Our solution has to be different: one based on engagement. While our posters call for elimination of terrorists, it is sad to note how easily each country forgets the obvious: terrorism is not an army or a state with a flag. We cannot eliminate it by killing those who believe in it. It is based on an ideology and that continues to live even in jail cells; it continues to breathe in torture chambers or death cells.
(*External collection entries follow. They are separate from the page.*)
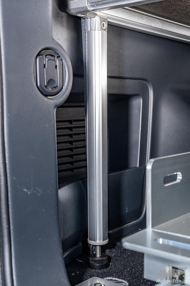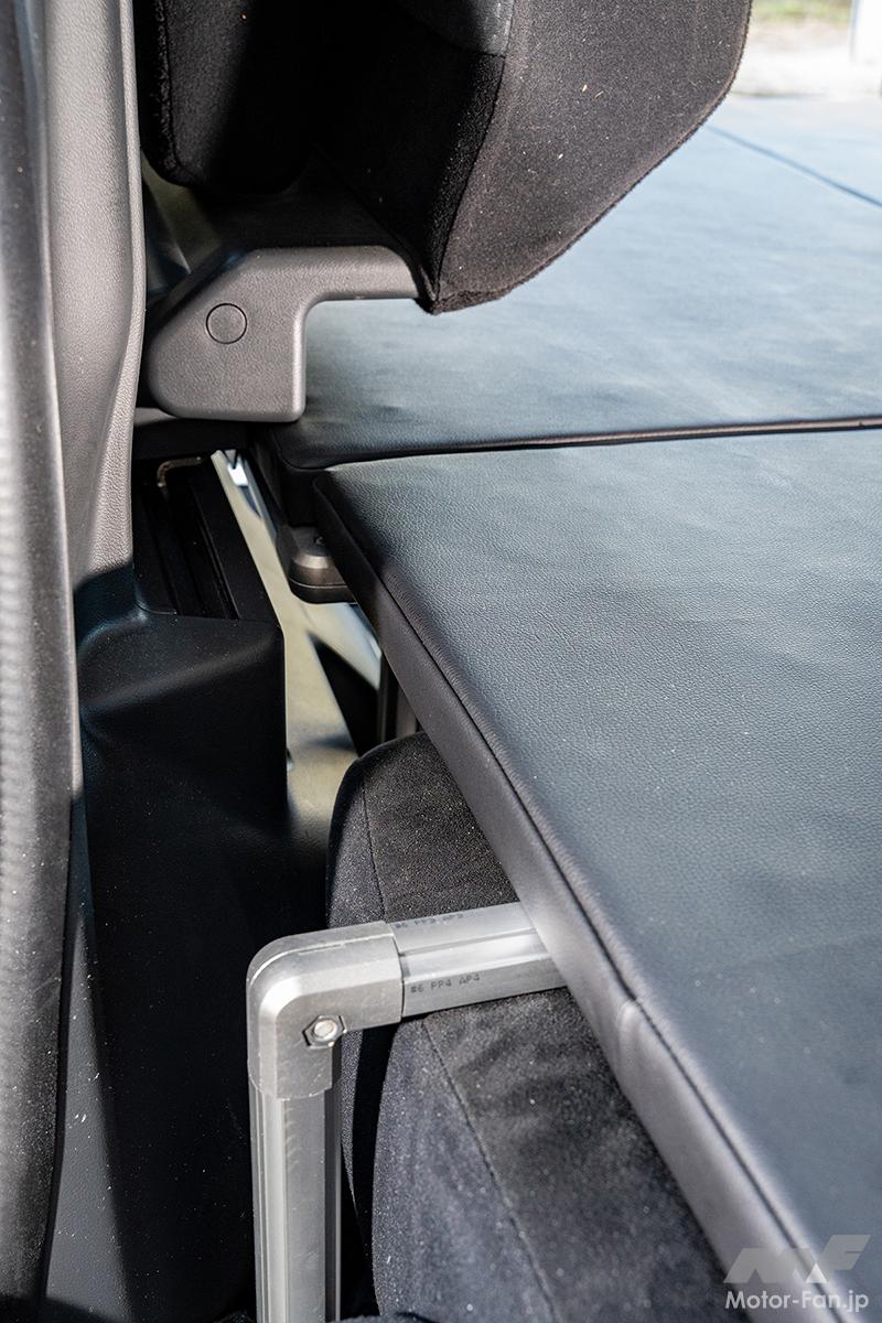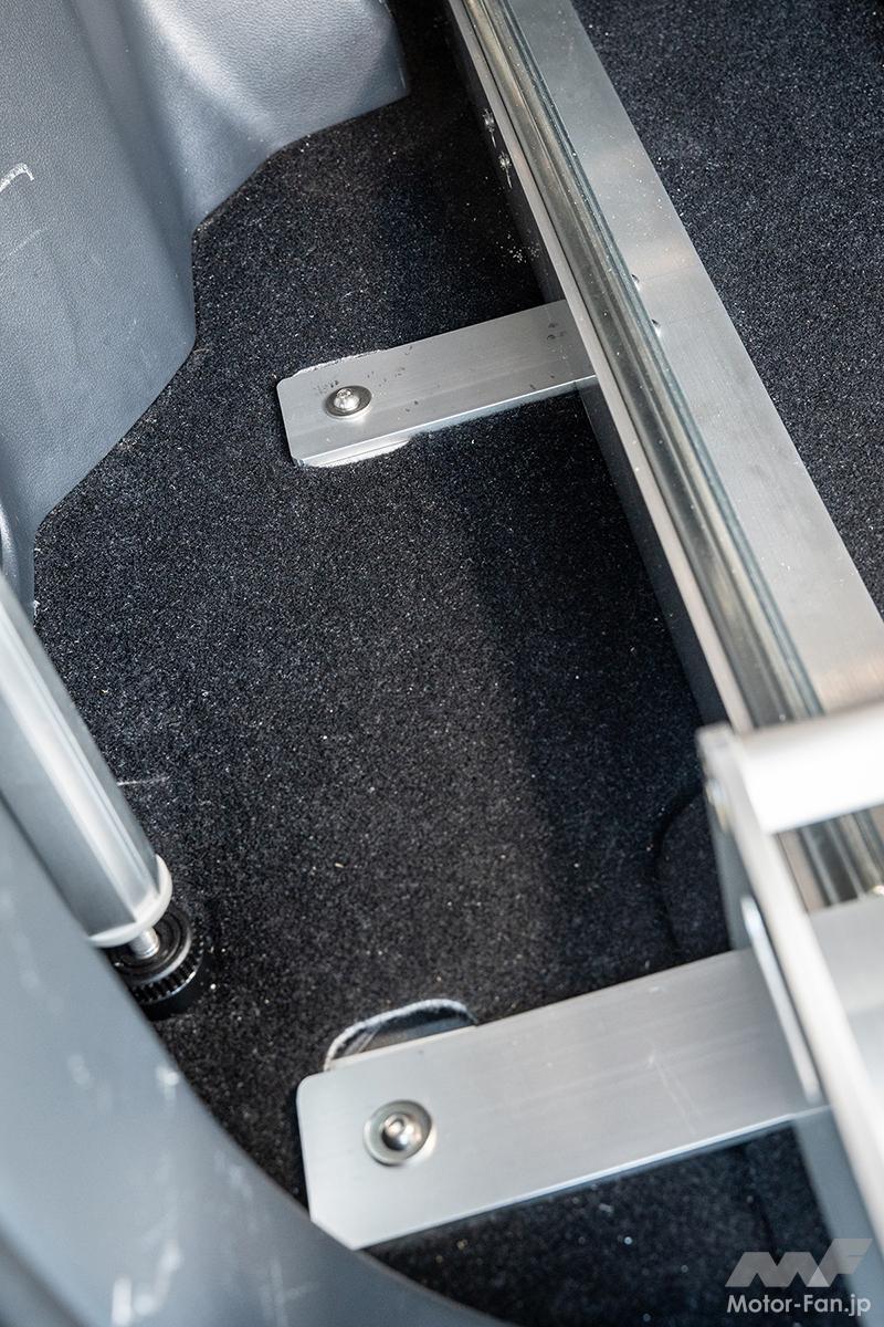 車中泊 これ絶対導入したい!! 耐荷重100kgなのに引き出し楽々! 『デリカD:5』専用のアルミスライドフロア【写真・10枚目】 足元を引き締めているデルタフォースOVALはマッドガンブラック×マッドブラックの「ごぶやまパート2」限定カラーモデル。 スライドフロアのスライドレールは耐荷重100kgを誇るが無理せず余裕を持った運用を心がけたい 独自機構でセンターバーでのロック解除とフロアの押し引きを実現。 スライドフロア前後の先端や両サイドにはオーバル形状の穴が開いているが、これは荷物を固定するためのベルト等を通すためのもの。とくに強いテンションをかけることができるタイダウンベルトは、走行時の揺れなどから荷崩れを防ぐのに最適だ。ここで紹介しているローラーカムのベルトであれば、軽い力でテンションをかけられるだけでなくデザイン性にも優れていてカッコ良い。何本か車載しておくとイザという時に役立つだろう。 積載物をベルトほどガッチリ固定する必要はない、ルーズでも良いので手軽にホールドしたい方は伸縮ネットを活用するのが吉。その場合はピンポイントで設置されたM10サイズのボルト穴を活用し、オプションで用意されているアイボルトを組み込むことでフック類も簡単に固定可能だ。荷物を降ろせばそのままテーブルとして利用できるのもスライドフロアの強み。ちなみに荷物の固定にベルトorネット、どちらを使うかは完全に利用者の好みです!! HMスタイルが満を持して販売開始するスライドフロア向けに新開発されたのが、必要最小限の支柱で機能する「車中泊ベッド・フルサイズFSII」だ。2列目シート以降をフルフラット化できるだけでなく左右シートの個別利用も可能で、今後も併売されるセンターテーブル機能付き「フルサイズFS」に対して2万円ほどのプライスダウンも実現。 ご覧の通りベッドフレームの支柱をフロア両サイドに集約することで、スライドフロアの設置スペースを確保しながら完全フラットな車中泊スペースを構築。また、3列目シートを取り外すことなく跳ね上げた状態で使用できるのも大きなアドバンテージで7人乗車も多用するユーザーの要望にもしっかりと応えている。 この画像の記事を読む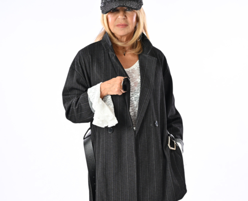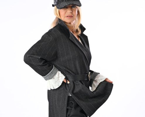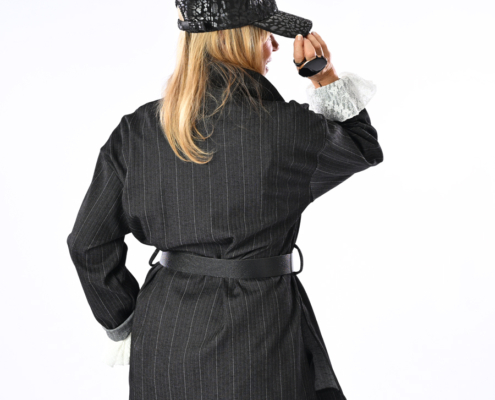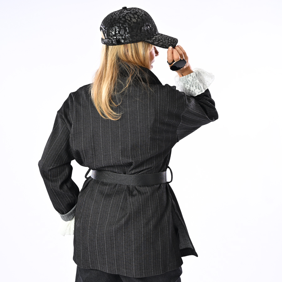 Giacca con bottoni, spacchi laterali e cintura inclusa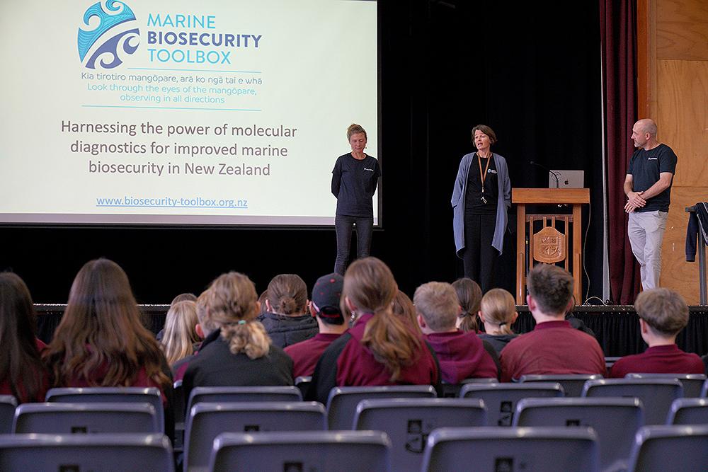 They ran two hands-on workshops, where our students got a chance to use their identification skills to find invasive marine pest species from our local marina, and they also got to explore how future biotechnology tools can be used to identify the presence of marine pests, based on the environmental DNA (eDNA) that all living organisms leave behind as they move through their habitat.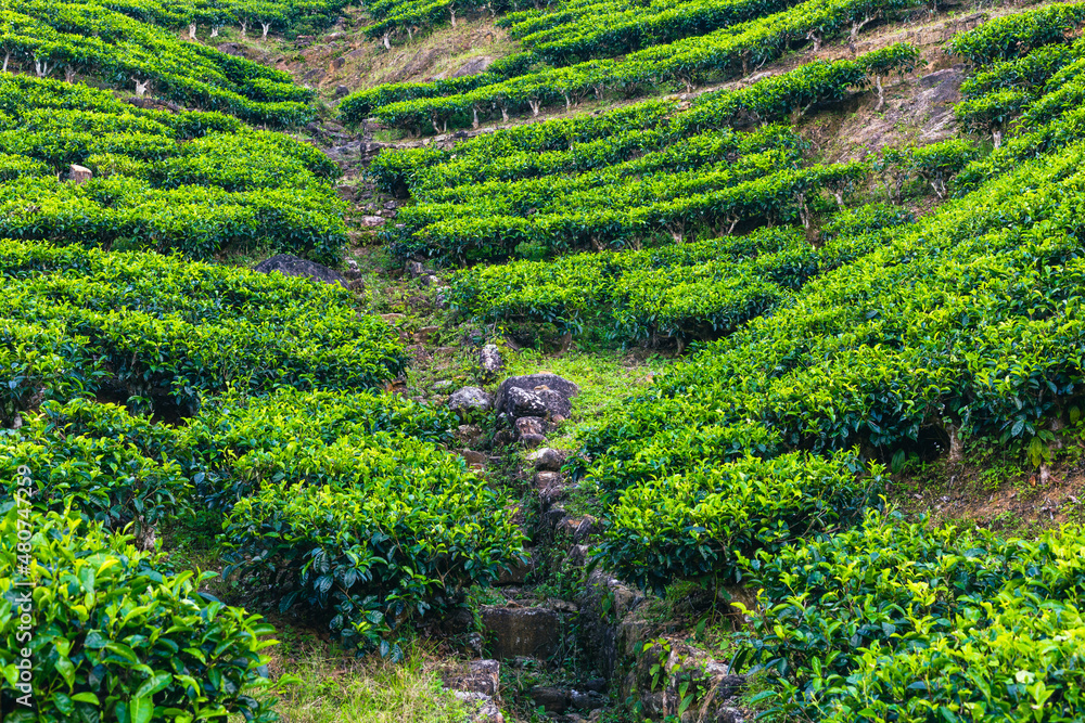 Sri Lanka Tea Plantation. Green Hills Nature Landscape. Nuwara Eliya, Sri Lanka.

This hatred and insular worldview also characterises the popular narratives in Pakistan regarding Bangladesh. It is no secret that crimes of oppression were committed in our name leading up to and during 1971. Scholars question the extent to which successive governments in Bangladesh have estimated loss of life but that is an issue for Bangladesh to resolve. How does that take away from us our responsibility to feel ashamed at what happened? Granted there are many in Bangladesh with pure contempt for Pakistan — and that again does not make sense to me — but so be it. We must put our own house in order. Someone else’s hatred for us will end up consuming them — that is how jealousy and hatred works. The international community and public intellectuals within Bangladesh will question the injustices, if any, perpetrated through show-trials. But we must not avoid our own responsibility by pointing out the hollow stances that some in Bangladesh take. We must be better than that.
As we mourn Peshawar and the tens of thousands of lives we have lost, we must take a look in the mirror. Is it our frustration and anger at failure to protect our own that is generating the violence we continue to call for? If so, that is only human — but we must look beyond our immediate instincts. For Peshawar, for more than 50,000 Pakistanis who have perished. And for those whom we can still save.